The Guardian’s «crowdsourcing» of researching the files of parliament members’ expenses is already famous. More than 23.000 users took part in reviewing the files. The editors learned from the experiment that when you ask users for help, you need to define manageable tasks and you should give the users something back for their efforts. When a new batch of data was released, the editors gave more specific tasks and the job was done in one and a half days.
Last week, The Guardian launched its own gateway to public data portals. In the future, they also want to give people visualization tools, Rogers explained.

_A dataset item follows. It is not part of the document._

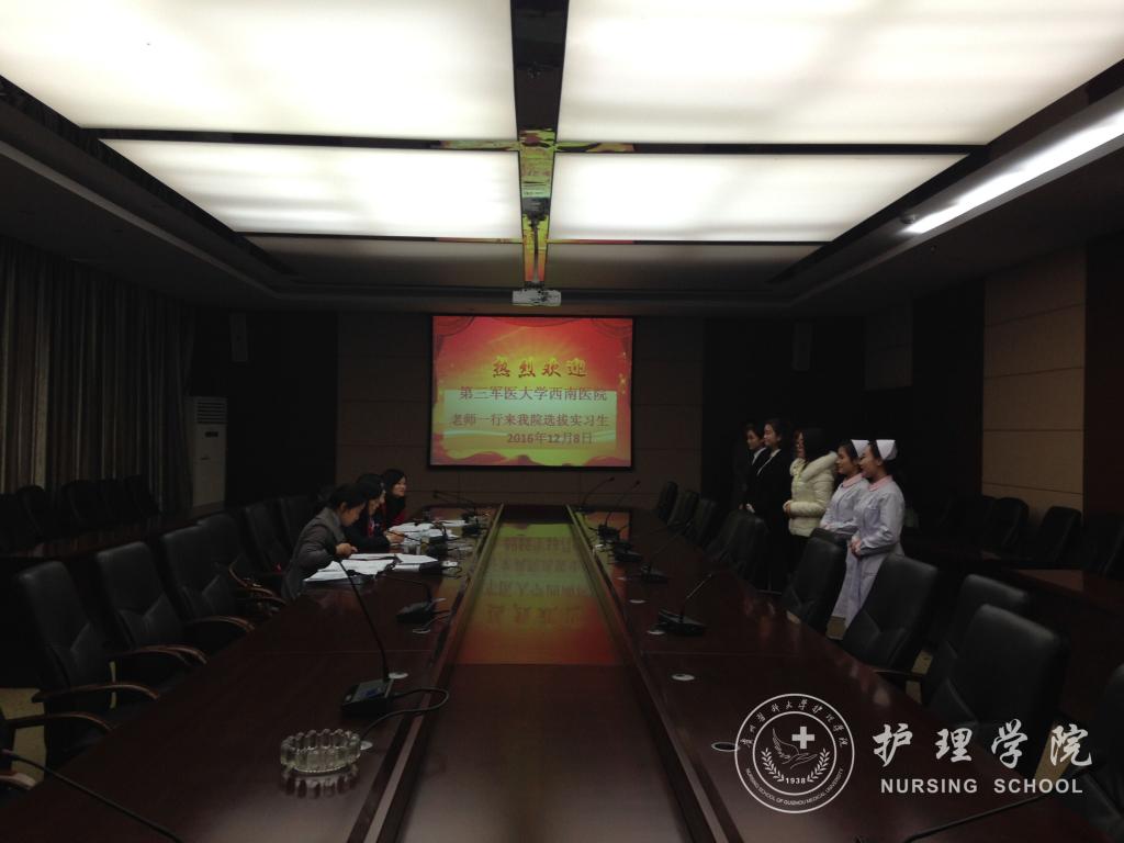 12月8日第三军医大学西南医院护理部郭上铃助理等一行四位老师来公司tyc122ccVIP开展选拔意向性实习生工作。公司分管教学副经理刘志燕、生产实习科科长柳忠燕老师、辅导员李杏春参加了此次选拔工作,共有八十余名2014级护理本科(含助产专业、专升本)同学参加本次实习生选拔。

Hidden data and how to find them
Web developer Harald Groven at the Norwegian Centre for ICT in Education focused his presentation on how vast amounts of highly interesting public sector data are kept under lock and key. In the analogue era publishing medium or low level aggregates of data was practically impossible — there wasn’t enough paper. This is no longer relevant, but the same practices remain, Groven said. Legal constraints are part of the reason why Statistics Norway and other institutions do not release more fine-grained data.
A Norwegian government data portal should concentrate on making available anonymized low level aggregated statistics, data sources that are largely unknown today, Groven recommended. He illustrated the proposition with examples from his own work developing services aimed at giving young people a better basis for making decisions about what to study. A type of data needed for one of the services, salary levels in different occupations, was difficult to get access to at a sufficiently detailed level.
A news journalist’s perspective: TV 2
Journalists often experience that public sector agencies want to control the presentation of data, Gaute Tjemsland of Norwegian TV 2’s news website said in his presentation. When TV 2 wanted the data from national school tests, the ministry responded by sending pdf documents, before finally caving in and releasing the spreadsheets that they had had all along. The reason was explicitly that they didn’t want the media to produce school rankings — i.e. present the data in their own way.
For journalists, the ideal situation is to get structured data, as detailed as possible, and as fast as possible, Tjemsland commented. He had encountered three main obstacles. Public sector agencies want to retain control over information; they are afraid of losing revenue; or in many cases they are not aware that their data can be valuable to others. The last obstacle is probably the most important, Tjemsland said.
The TV 2 editor proposed benchmarking the openness of government institutions. By defining variables to measure transparency, more pressure can be applied to have government data released. The media need to do their part by demanding information and should take a leading role in the debate about open data.
The need for a data.gov.no
In my own presentation, I emphasized four main findings from the project at the Infomedia department — based on a survey among state agencies, an evaluation of state agency websites and interviews with civil servants at the local and regional level.
We found that there is a scarcity of information about what data sources that actually exist. Very few agencies provide substantial information about their own datasets. Second, a central datastore, a data.gov, doesn’t exist; therefore we created a simple «store» of our own using a Google spreadsheet. With the help of a small community around 130 data sources have been registered there so far. Third, our survey and interviews convinced us of the great potential that exists in making more data available. Among other results, six out of ten agencies said they plan to make more data available during the next year. Finally, I highlighted how knowledge of open data issues vary widely across sectors and agencies. This probably reflects the low profile that the topic still has politically and in the public sphere.
In our project report we make ten proposals for making more data available in Norway. In the presentation I emphasized four of them: Create datastores at the state, regional and local levels; define principles and guidelines; give special attention to privacy issues; and define and fund pilot projects to kick-start the process.